╭──

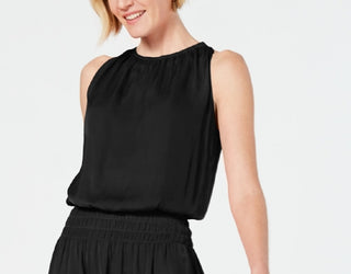 Top Alfani Feminino Petite Solid com Decote Redondo Preto Tamanho Petite Pequeno
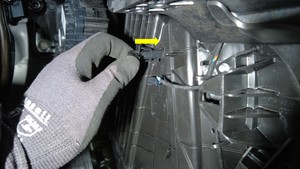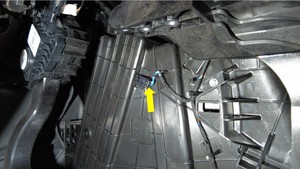 松开将蒸发器热敏电阻固定到暖通空调总成的卡子,然后将蒸发器热敏电阻直接拉离 HVAC 总成。
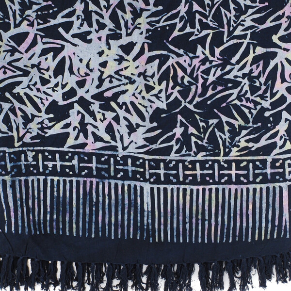 The traditional batik method, practiced for centuries by the natives of Indonesia, is used to decorate the fabric. Wax is applied to parts of the fabric and then the fabric is dipped into a plant-based dye. After the wax is removed with hot water, a light-coloured pattern appears on the fabric.
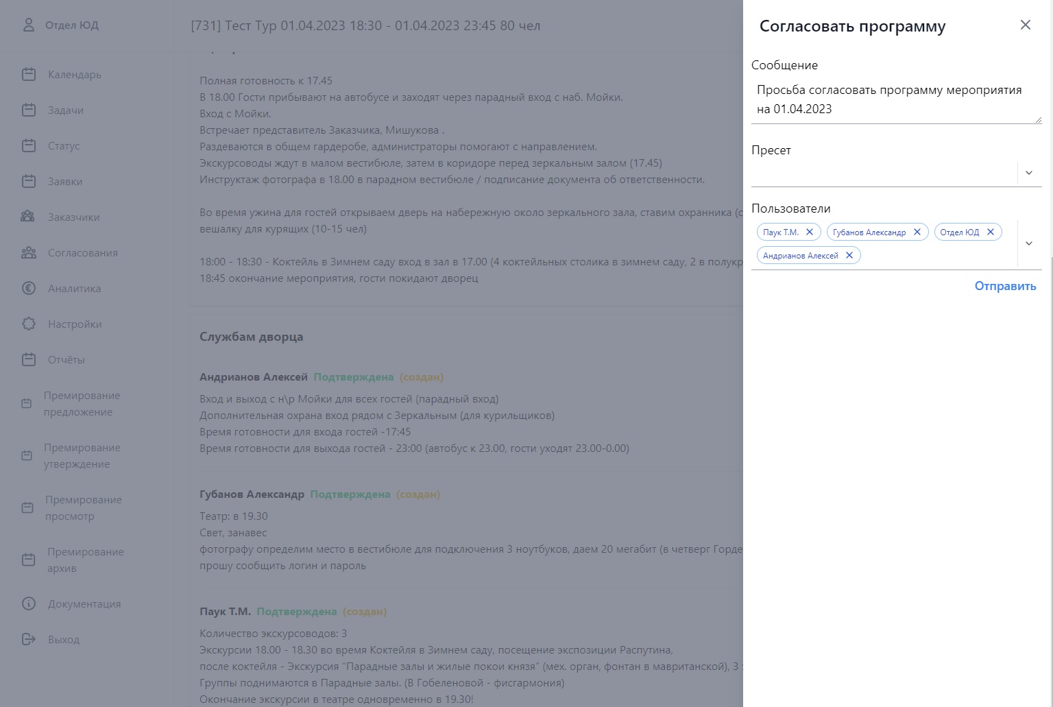 Сотрудник ОПОМ в списке согласований выбирает всех задействованных лиц и рассылает им уведомление о необходимости согласования программы мероприятия.

╰──

> _HOW TO COMPLETE THIS TASK_: Your task is to repeat exactly the lines from the one containing "The traditional batik" through the end of the material, both included, and only those, without pictures.

> _FINISHED TASK_:
 The traditional batik method, practiced for centuries by the natives of Indonesia, is used to decorate the fabric. Wax is applied to parts of the fabric and then the fabric is dipped into a plant-based dye. After the wax is removed with hot water, a light-coloured pattern appears on the fabric.
 Сотрудник ОПОМ в списке согласований выбирает всех задействованных лиц и рассылает им уведомление о необходимости согласования программы мероприятия.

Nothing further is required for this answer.